Here is a plot of the fit, and the distribution of the residuals.
You can see that the plot of WTI vs Date follows the data reasonably well, but there are some clear anomalies, e.g. some seasons during 1991, 1998. The histogram of residuals is roughly symmetrically distributed about zero, and follows a normal (gaussian) distribution reasonably well. This tells me that we are meeting the assumptions of this statistical model, and so it will be okay to use a gaussian linear model and an identity link (i.e., no transformation of the dependent data) for the rest of this exercise.
Okay, let’s pause. This is an important topic, and working systematically through this problem is interesting to me. As such, I’d like to make sure that this exercise is broken down into manageable components, to aid in understanding. So, it looks like it will take me more than three posts to get through it all (contrary to what I’d previously anticipated). I guess it will take as many posts as it takes…

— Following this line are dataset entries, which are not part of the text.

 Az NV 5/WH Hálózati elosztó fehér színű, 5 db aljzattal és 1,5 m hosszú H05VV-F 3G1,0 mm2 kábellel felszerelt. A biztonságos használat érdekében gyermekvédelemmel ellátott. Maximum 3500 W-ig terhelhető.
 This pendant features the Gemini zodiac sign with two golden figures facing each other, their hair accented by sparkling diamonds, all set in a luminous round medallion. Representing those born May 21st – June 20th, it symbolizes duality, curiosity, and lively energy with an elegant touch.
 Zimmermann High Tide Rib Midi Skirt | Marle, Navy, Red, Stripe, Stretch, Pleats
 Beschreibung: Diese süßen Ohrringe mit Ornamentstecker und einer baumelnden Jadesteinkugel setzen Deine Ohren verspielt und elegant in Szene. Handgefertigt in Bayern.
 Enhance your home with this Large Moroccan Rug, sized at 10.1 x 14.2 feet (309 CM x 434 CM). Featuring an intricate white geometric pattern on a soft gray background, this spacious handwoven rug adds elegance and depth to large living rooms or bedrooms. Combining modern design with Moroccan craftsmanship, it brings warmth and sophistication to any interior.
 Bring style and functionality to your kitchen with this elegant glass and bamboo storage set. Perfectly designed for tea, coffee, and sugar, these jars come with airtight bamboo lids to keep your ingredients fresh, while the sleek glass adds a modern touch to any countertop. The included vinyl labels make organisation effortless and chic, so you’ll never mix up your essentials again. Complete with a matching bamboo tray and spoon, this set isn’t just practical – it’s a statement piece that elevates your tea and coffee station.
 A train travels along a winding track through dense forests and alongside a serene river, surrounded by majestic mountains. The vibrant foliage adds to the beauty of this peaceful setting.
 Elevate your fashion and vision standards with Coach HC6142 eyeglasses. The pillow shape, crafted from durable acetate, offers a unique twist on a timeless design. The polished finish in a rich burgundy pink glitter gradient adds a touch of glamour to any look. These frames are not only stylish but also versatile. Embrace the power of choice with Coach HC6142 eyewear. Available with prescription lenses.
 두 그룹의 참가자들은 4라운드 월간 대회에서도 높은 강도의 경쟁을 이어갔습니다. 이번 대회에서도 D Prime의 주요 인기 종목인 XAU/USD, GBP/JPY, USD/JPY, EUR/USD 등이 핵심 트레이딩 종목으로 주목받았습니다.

Any questions so far? Any other correlates you’d like to argue for inclusion? Any other issues/critiques to raise at this point?
Next post in this series I will fit a range of statistical models (of varying complexity) based on these correlates, do some bootstrap resampling to evaluate robustness of the results to autocorrelation, and make a ‘forecast’ for the 2006-2010 period.